* **Task to carry out**
Using the data below, return all lines in which "statement" appears.

* **The records**
━━━━━━━━━━━━━━━━━━━━

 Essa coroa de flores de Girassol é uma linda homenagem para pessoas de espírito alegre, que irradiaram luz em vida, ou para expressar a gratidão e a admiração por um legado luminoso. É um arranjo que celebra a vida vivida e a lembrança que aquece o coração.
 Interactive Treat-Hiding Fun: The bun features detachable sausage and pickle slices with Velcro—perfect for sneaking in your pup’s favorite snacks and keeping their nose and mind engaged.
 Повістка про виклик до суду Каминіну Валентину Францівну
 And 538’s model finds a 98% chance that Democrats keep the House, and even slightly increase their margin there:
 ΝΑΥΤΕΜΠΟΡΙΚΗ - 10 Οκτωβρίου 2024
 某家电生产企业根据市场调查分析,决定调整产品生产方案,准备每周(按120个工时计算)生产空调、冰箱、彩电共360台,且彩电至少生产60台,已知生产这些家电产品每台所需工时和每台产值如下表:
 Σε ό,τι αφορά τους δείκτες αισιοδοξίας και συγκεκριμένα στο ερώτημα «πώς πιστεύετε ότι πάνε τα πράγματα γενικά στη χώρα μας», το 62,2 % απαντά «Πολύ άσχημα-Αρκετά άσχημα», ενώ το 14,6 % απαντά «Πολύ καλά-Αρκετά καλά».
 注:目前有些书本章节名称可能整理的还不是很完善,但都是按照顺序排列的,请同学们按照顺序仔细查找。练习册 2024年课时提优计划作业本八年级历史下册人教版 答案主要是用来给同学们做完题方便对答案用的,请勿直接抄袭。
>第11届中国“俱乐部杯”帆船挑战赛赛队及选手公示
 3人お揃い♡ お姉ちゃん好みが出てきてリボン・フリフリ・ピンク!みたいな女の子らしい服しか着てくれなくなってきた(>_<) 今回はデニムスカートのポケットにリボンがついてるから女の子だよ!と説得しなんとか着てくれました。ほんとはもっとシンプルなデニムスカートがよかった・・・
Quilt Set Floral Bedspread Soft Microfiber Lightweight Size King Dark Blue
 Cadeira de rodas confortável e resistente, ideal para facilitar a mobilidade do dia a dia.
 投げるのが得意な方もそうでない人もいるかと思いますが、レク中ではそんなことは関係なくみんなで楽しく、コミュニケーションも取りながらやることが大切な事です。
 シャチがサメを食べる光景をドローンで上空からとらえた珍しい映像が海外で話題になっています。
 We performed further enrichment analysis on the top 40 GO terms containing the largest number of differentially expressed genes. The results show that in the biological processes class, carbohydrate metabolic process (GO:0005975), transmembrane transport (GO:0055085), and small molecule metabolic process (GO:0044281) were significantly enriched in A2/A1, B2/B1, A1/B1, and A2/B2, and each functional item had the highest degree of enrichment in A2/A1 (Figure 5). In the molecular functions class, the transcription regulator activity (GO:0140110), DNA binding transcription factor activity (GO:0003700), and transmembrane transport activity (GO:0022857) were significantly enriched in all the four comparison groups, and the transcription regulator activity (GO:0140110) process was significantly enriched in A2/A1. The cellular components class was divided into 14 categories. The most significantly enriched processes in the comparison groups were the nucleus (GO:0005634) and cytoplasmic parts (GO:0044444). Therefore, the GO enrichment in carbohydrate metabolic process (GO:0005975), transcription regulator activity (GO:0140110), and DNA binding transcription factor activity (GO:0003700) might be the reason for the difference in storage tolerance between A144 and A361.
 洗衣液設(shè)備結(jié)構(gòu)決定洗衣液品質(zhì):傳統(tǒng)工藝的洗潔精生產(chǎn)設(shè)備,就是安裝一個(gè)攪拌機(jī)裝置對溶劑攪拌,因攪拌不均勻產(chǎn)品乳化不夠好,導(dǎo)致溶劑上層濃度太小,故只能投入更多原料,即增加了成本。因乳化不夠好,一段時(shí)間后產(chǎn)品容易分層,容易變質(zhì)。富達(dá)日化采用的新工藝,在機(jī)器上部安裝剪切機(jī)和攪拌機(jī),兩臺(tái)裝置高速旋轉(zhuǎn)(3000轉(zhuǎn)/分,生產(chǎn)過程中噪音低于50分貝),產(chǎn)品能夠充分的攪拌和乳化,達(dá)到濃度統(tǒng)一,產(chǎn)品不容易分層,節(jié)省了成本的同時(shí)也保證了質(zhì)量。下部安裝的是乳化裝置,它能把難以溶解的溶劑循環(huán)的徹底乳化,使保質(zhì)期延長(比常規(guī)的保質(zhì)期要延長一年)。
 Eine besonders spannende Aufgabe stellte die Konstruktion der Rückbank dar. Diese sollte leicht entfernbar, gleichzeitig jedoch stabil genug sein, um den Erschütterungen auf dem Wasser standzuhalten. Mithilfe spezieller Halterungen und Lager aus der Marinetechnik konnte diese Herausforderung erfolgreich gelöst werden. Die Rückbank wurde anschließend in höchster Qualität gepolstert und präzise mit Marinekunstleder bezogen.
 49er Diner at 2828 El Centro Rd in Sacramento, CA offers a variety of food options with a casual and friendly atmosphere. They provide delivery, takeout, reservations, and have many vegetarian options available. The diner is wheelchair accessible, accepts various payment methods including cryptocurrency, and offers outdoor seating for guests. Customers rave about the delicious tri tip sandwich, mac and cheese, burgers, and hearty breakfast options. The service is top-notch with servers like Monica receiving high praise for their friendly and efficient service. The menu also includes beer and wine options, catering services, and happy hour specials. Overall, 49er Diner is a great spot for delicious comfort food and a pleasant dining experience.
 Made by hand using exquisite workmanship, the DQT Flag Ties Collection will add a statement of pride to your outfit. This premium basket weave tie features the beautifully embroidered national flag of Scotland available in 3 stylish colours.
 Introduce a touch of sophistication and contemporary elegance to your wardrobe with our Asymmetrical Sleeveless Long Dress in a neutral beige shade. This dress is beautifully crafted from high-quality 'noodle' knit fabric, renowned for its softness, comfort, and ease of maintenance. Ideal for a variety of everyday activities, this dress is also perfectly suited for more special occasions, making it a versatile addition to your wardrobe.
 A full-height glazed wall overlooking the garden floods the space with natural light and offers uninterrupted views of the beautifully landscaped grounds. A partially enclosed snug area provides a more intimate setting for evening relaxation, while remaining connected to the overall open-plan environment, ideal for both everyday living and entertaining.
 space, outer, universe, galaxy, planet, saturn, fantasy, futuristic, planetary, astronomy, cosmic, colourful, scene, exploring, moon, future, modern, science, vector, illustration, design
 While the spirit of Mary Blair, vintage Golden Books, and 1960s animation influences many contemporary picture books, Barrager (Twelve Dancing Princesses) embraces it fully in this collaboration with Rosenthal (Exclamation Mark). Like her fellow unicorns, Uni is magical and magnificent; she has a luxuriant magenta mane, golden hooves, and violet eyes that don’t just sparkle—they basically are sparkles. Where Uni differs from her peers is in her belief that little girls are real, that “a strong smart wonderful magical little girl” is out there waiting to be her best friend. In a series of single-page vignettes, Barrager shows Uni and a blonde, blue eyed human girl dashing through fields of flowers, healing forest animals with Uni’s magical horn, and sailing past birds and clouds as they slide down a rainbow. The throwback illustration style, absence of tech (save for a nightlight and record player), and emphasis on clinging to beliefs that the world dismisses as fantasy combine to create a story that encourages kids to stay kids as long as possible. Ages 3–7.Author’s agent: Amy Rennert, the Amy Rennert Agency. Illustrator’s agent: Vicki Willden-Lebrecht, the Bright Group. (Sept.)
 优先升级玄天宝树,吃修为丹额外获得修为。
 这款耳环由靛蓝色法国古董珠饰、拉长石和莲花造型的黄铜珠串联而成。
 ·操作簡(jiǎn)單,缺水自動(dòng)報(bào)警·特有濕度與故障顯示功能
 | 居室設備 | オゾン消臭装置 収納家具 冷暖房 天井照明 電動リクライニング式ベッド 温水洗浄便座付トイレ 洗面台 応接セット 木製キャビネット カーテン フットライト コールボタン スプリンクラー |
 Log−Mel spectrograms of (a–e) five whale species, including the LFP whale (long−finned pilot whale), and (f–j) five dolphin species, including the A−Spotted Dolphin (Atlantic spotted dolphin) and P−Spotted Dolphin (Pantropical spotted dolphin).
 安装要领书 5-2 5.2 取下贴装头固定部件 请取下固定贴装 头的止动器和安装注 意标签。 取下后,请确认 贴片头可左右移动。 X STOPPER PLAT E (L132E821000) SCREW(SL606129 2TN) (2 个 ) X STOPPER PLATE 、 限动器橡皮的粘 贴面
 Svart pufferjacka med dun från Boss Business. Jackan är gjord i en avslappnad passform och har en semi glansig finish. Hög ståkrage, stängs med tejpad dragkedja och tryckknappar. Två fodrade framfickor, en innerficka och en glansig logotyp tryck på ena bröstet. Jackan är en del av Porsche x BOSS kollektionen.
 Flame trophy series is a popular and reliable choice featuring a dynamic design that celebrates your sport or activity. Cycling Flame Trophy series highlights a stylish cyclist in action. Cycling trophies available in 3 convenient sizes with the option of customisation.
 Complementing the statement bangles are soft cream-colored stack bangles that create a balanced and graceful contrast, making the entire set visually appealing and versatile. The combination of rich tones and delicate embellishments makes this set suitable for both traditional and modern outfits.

━━━━━━━━━━━━━━━━━━━━

* **Exercise solution**
 Made by hand using exquisite workmanship, the DQT Flag Ties Collection will add a statement of pride to your outfit. This premium basket weave tie features the beautifully embroidered national flag of Scotland available in 3 stylish colours.
 Complementing the statement bangles are soft cream-colored stack bangles that create a balanced and graceful contrast, making the entire set visually appealing and versatile. The combination of rich tones and delicate embellishments makes this set suitable for both traditional and modern outfits.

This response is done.